Exam Tip: When the \( k^{th} \) term is given as a linear expression in \( k \), like \( T_k = Ak + B \), the common difference is simply the coefficient of \( k \) (A). This can save time in verifying your calculations for \( d \).

 

Question 8. If the sum to \( n \) terms of an A.P. is \( (pn + qn^2) \), where \( p \) and \( q \) are constants, find the common difference?
Answer: Let \( S_n \) denote the sum of \( n \) terms of the A.P.
We are given that \( S_n = pn + qn^2 \).
To find the first term (\( T_1 \)), we set \( n = 1 \):
\( S_1 = T_1 = p(1) + q(1)^2 = p + q \).
To find the sum of the first two terms (\( S_2 \)), we set \( n = 2 \):
\( S_2 = p(2) + q(2)^2 = 2p + 4q \).
The second term (\( T_2 \)) can be found by subtracting the sum of the first term from the sum of the first two terms:
\( T_2 = S_2 - S_1 \)
\( \implies T_2 = (2p + 4q) - (p + q) \)
\( \implies T_2 = 2p - p + 4q - q \)
\( \implies T_2 = p + 3q \).
The common difference (\( d \)) is the difference between the second term and the first term:
\( d = T_2 - T_1 \)
\( \implies d = (p + 3q) - (p + q) \)
\( \implies d = p - p + 3q - q \)
\( \implies d = 2q \).
Thus, the common difference of this A.P. is \( 2q \).
In simple words: We used the given formula for the sum of 'n' terms to find the first and second terms of the sequence.
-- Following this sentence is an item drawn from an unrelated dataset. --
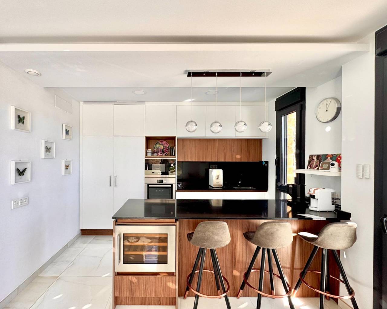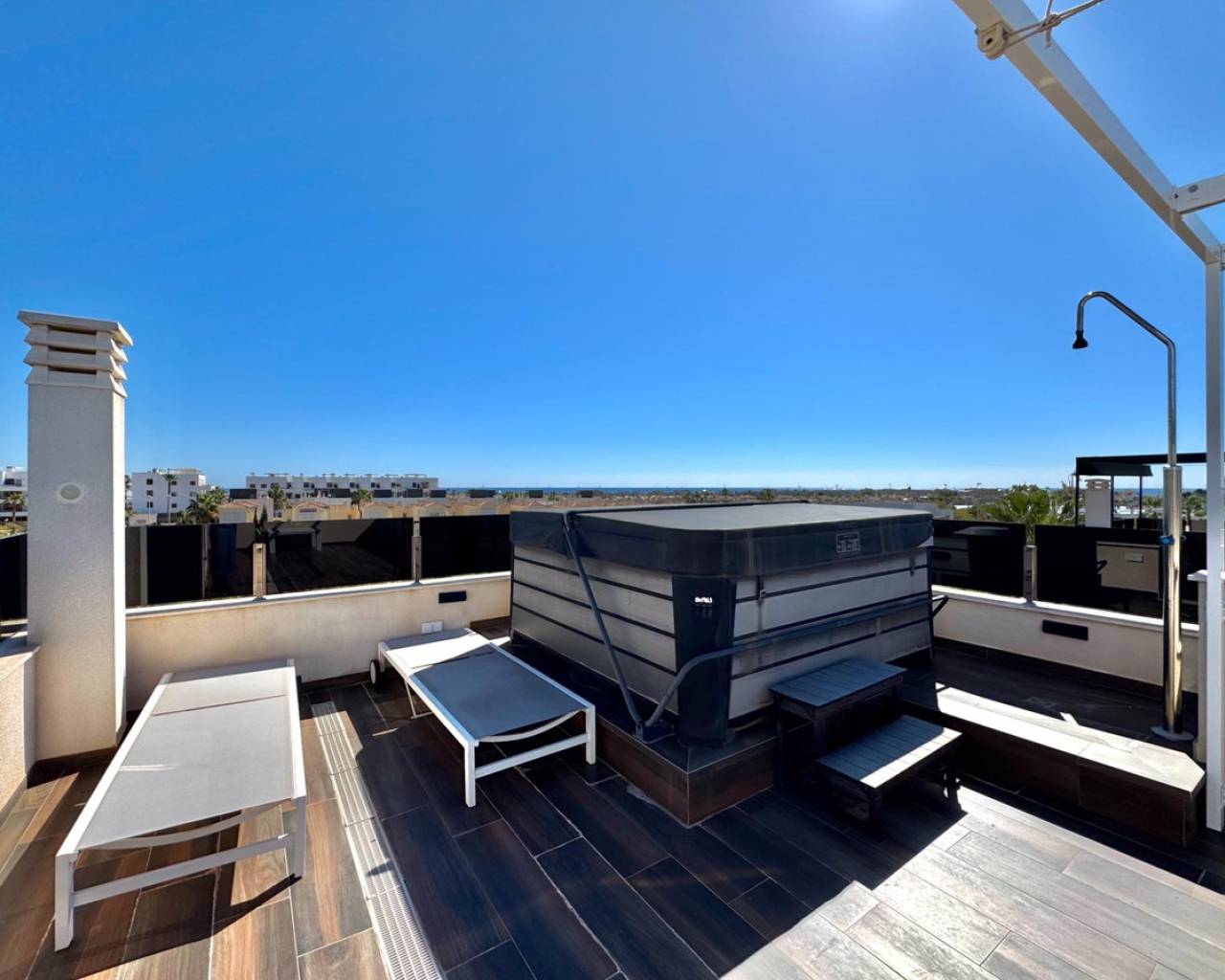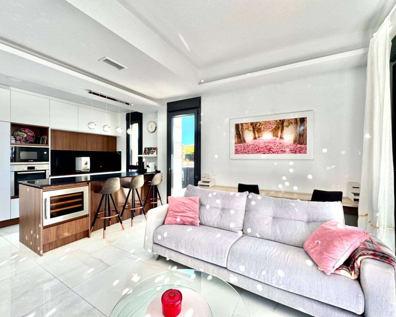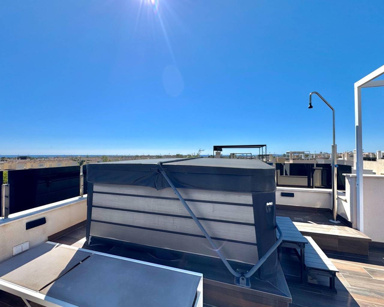 villa independiente moderna construida en 2021, lista para entrar a vivir y completamente amueblada, situada en una zona tranquila y soleada cerca de la playa y de todos los servicios. esta elegante vivienda combina espacio, luz y confort y es ideal tanto para vivir todo el año como para disfrutarla como segunda residencia en la costa blanca. la villa cuenta con 285 m2 construidos y 185 m2 útiles, distribuidos en dos plantas más un amplio sótano. en el interior encontramos cuatro dormitorios y cuatro baños, con una distribución moderna y abierta y grandes ventanas panorámicas que aportan mucha luz natural. en el exterior se puede disfrutar de un jardín privado con piscina, varias terrazas y un precioso solárium en la azotea con jacuzzi. gracias a su orientación sur la vivienda disfruta de sol durante casi todo el día. la propiedad también dispone de aire acondicionado, calefacción eléctrica individual, armarios empotrados, trastero y plaza de aparcamiento privada. los paneles solares aportan mayor eficiencia energética y reducen los costes de electricidad. la ubicación es ideal: la playa se encuentra a solo cinco minutos en coche, supermercados a cinco minutos y un centro comercial a unos diez minutos. el aeropuerto de alicante está a aproximadamente 45 minutos. una villa moderna y confortable, perfecta para disfrutar del estilo de vida mediterráneo.

By subtracting the first term from the second, we directly found the common difference of the arithmetic progression.

Exam Tip: Remember that \( T_n = S_n - S_{n-1} \). This relationship is very useful for finding the \( n^{th} \) term when the sum formula is given. For \( T_1 \), \( S_1 \) is simply \( T_1 \).

 

Question 9. The sums of first \( n \) terms of two arithmetic progressions are in the ratio \( (5n + 4) : (9n + 6) \). Find the ratio of their \( 18^{th} \) terms?
Answer: Let \( a_1 \) and \( d_1 \) be the first term and common difference of the first A.P., respectively. Let \( a_2 \) and \( d_2 \) be the first term and common difference of the second A.P., respectively.
Let \( S_{1n} \) and \( S_{2n} \) be their respective sums of \( n \) terms.
The ratio of their sums is given as:
\( \frac{S_{1n}}{S_{2n}} = \frac{\frac{n}{2}[2a_1 + (n - 1)d_1]}{\frac{n}{2}[2a_2 + (n - 1)d_2]} = \frac{2a_1 + (n - 1)d_1}{2a_2 + (n - 1)d_2} \).
We are given that \( \frac{S_{1n}}{S_{2n}} = \frac{5n + 4}{9n + 6} \).
So, \( \frac{2a_1 + (n - 1)d_1}{2a_2 + (n - 1)d_2} = \frac{5n + 4}{9n + 6} \dots (1) \).
We need to find the ratio of their \( 18^{th} \) terms, \( \frac{T_{1,18}}{T_{2,18}} \).
The \( 18^{th} \) term of an A.P. is given by \( T_{18} = a + (18 - 1)d = a + 17d \).
So, the required ratio is \( \frac{a_1 + 17d_1}{a_2 + 17d_2} \).
To match the form of equation (1), we multiply the numerator and denominator by 2:
\( \frac{a_1 + 17d_1}{a_2 + 17d_2} = \frac{2(a_1 + 17d_1)}{2(a_2 + 17d_2)} = \frac{2a_1 + 34d_1}{2a_2 + 34d_2} \dots (2) \).
Comparing equation (1) and equation (2), we see that the term \( (n - 1)d \) in the sum formula corresponds to \( 34d \) in the term formula. This implies that \( n - 1 = 34 \).
\( \implies n = 35 \).
Now, substitute \( n = 35 \) into the given ratio of sums (equation 1):
\( \frac{2a_1 + (35 - 1)d_1}{2a_2 + (35 - 1)d_2} = \frac{5(35) + 4}{9(35) + 6} \)
\( \implies \frac{2a_1 + 34d_1}{2a_2 + 34d_2} = \frac{175 + 4}{315 + 6} \)
\( \implies \frac{2a_1 + 34d_1}{2a_2 + 34d_2} = \frac{179}{321} \).
From equation (2), we know that \( \frac{2a_1 + 34d_1}{2a_2 + 34d_2} \) is the ratio of the \( 18^{th} \) terms.
Therefore, the ratio of their \( 18^{th} \) terms is \( \frac{179}{321} \).
In simple words: We used the given ratio of sums of 'n' terms for two A.P.s. To find the ratio of their 18th terms, we found what value of 'n' would make the sum formula look like the term formula. Using that 'n' value in the given ratio of sums, we got the answer.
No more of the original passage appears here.